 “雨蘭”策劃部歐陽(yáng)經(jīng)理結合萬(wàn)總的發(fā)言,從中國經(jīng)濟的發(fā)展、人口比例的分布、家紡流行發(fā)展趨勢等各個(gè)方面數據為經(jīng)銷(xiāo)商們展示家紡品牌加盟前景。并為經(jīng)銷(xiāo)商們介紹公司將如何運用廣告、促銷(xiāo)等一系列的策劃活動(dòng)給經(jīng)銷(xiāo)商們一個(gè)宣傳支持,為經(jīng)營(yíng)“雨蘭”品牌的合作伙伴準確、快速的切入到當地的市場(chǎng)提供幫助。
########################################
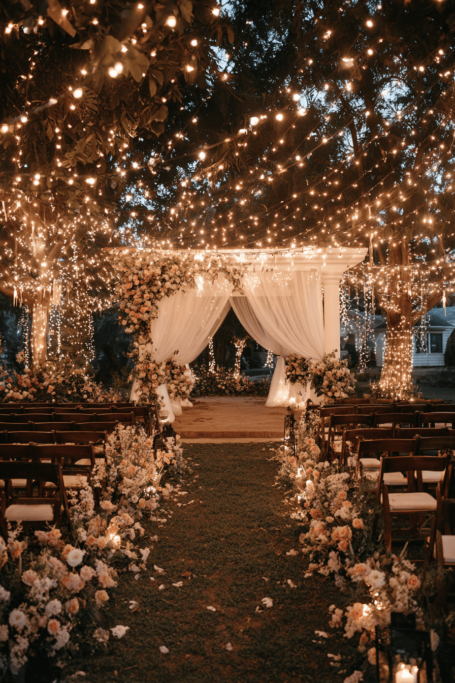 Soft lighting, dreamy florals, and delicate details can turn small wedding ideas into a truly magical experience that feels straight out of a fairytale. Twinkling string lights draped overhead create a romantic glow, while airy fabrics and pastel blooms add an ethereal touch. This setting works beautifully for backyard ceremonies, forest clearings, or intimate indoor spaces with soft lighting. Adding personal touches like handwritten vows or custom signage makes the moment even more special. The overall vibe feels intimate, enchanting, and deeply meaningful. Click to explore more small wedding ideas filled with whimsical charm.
########################################
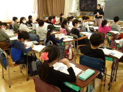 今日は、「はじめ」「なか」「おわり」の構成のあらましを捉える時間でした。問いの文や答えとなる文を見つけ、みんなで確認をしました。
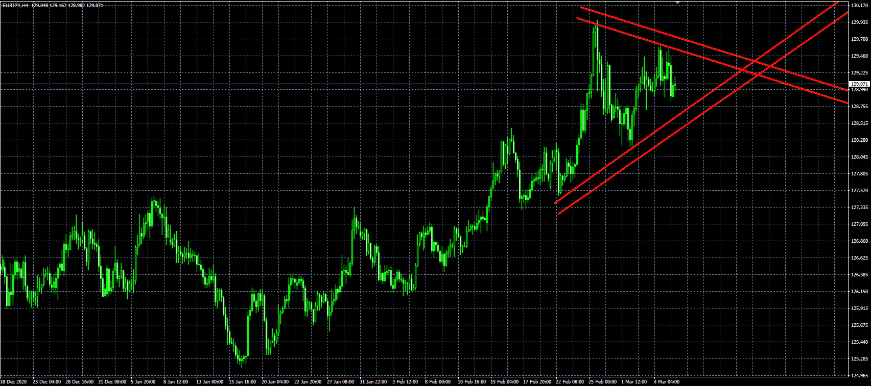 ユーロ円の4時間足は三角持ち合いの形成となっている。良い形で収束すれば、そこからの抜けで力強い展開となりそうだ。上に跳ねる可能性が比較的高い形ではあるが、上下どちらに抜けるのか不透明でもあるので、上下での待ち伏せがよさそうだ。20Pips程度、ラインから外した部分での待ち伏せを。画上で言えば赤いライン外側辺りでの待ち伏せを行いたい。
########################################
_INSTRUCTIONS FOR THE TASK:_ Among the entries above, copy exactly the stretch from the line holding "今日は、「はじめ」「なか」「" through the line holding "ユーロ円の4時間足は三角持ち", leaving out any pictures.

_EXERCISE ANSWER:_
 今日は、「はじめ」「なか」「おわり」の構成のあらましを捉える時間でした。問いの文や答えとなる文を見つけ、みんなで確認をしました。
 ユーロ円の4時間足は三角持ち合いの形成となっている。良い形で収束すれば、そこからの抜けで力強い展開となりそうだ。上に跳ねる可能性が比較的高い形ではあるが、上下どちらに抜けるのか不透明でもあるので、上下での待ち伏せがよさそうだ。20Pips程度、ラインから外した部分での待ち伏せを。画上で言えば赤いライン外側辺りでの待ち伏せを行いたい。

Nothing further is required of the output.